Favoreggiamento: estesa esimente anche al convivente more uxorio

Con la sentenza n. 11476 del 14.3.2019 la Sesta Sezione Penale della Corte di Cassazione, pronunciandosi in tema di favoreggiamento personale, ha esteso la causa di non punibilità di cui agli artt. 307 e 384 comma 1, cod. pen. anche al caso di favoreggiamento commesso in favore del fratello della propria convivente di fatto.

Il caso

È stato posto in essere ricorso per cassazione avverso la sentenza della Corte d’Appello di Venezia che confermava la pronuncia del giudice di prime cure avente ad oggetto la condanna di un uomo per il reato di favoreggiamento.

L’uomo de quo avrebbe aiutato il fratello della propria convivente a sottrarsi alle ricerche dei carabinieri, ospitandolo all’interno della propria abitazione nonché fornendo informazioni rivelatesi false agli organi di polizia in ordine alla presenza dello stesso nella propria casa.

Nel ricorso per cassazione il difensore dell’imputato domandava la censura della sentenza impugnata per violazione di legge atteso che la Corte di appello di Venezia, facendo riferimento alla sola nozione di famiglia legittima e senza tenere conto della L. 76 del 2016, non avrebbe configurato la esimente di cui all’articolo 384, comma 1, c.p.

Secondo i giudici di merito, l’imputato non era qualificabile quale “prossimo congiunto” ai sensi dell’art. 307 del codice penale.
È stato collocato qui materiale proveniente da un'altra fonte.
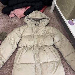 Lång, beige vinterkappa med huva inne cremevit färg. Jackan har en dragkedja framtill och fickor på sidorna.
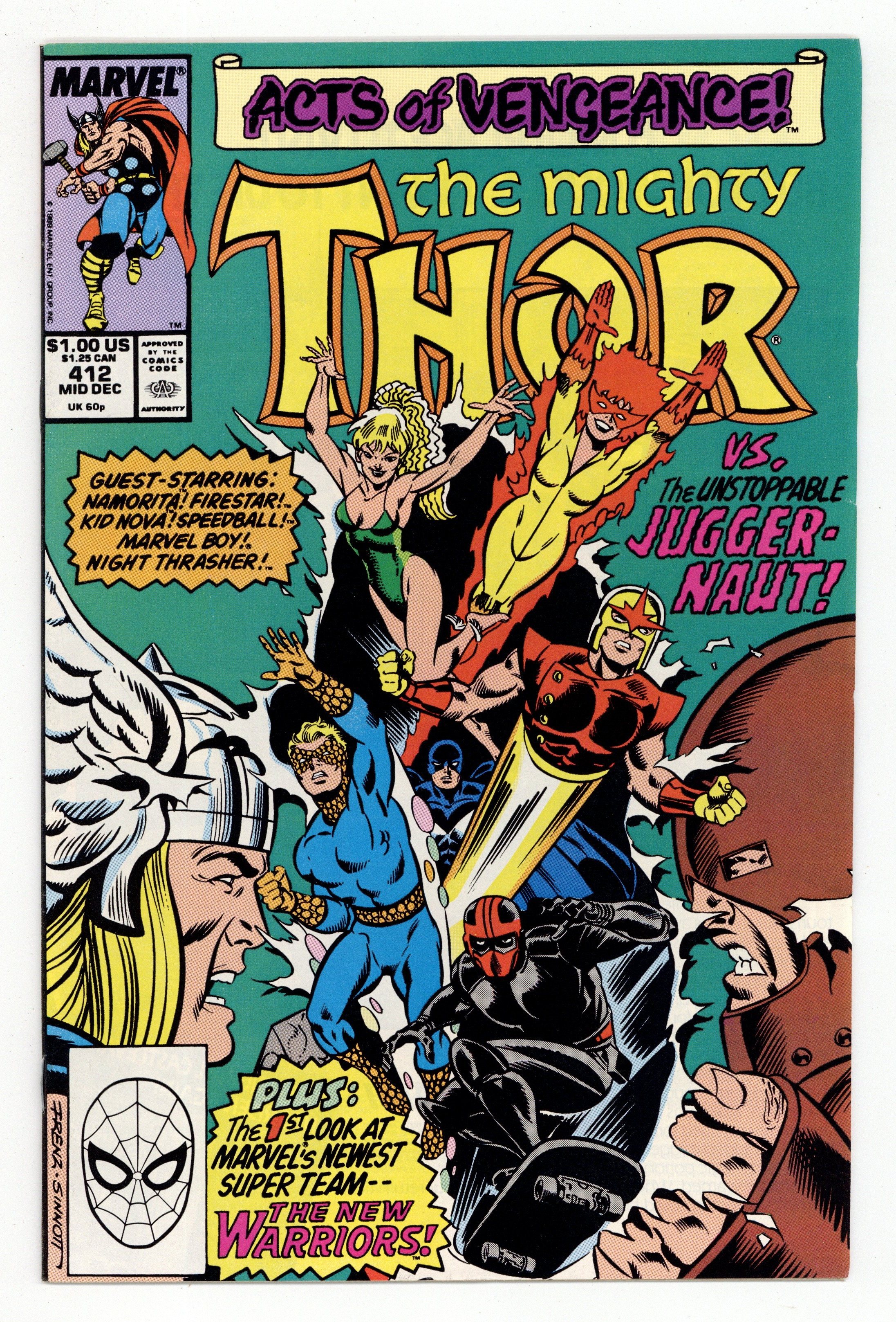 Direct Edition. Cover pencils by Ron Frenz, inks by Joe Sinnott. Acts of Vengeance crossover. First full appearance of the New Warriors in "Introducing the New Warriors," script by Ron Frenz (Co-plot) and Tom DeFalco, pencils by Ron Frenz (layouts), inks by Joe Sinnott (finished art); With Thor down for the count, the New Warriors arrive and battle the Juggernaut; Thor recovers his strength and joins the fray as he and the kids are finally able to banish Juggy to another dimension. Beta Ray Bill back-up, "Freedom Is Only A Choice Away," script by Tom DeFalco, pencils by Ron Lim, inks by Mike DeCarlo; Bill has been trapped and is being used to help power a spaceship that feeds off of psychic energy; When the people of his race are threatened, however, he breaks free and faces Captain Orack. 36 pgs., full color. $1.00. Cover price $1.00.

I giudici della Suprema Corte partendo dall’analisi della L. 76/2016 – che estende la scusante ex art. 384 c.p. alle parti delle unioni civili – hanno evidenziato lo stato di profonda disparità di trattamento che investe i conviventi “more uxorio”.

Difatti, la L. 76/2016 – nota anche come Legge Cirinnà – estende la nozione di “prossimi congiunti” soltanto alle parti delle unioni civili non già anche ai conviventi di fatto; creando non poche difficoltà oggettive.

Ciò nonostante, i giudici, facendo leva su una interpretazione valoriale conforme a Costituzione nonché tenendo in considerazione la nozione estensiva di matrimonio accolta dalla CEDU, hanno annullato senza rinvio la sentenza impugnata perché il fatto non costituisce reato ritenendo così applicabile l’istituto di cui all’art. 384, comma 1, cod. pen. anche ai rapporti di convivenza “more uxorio”, pur dopo la legge c.d. Cirinnà.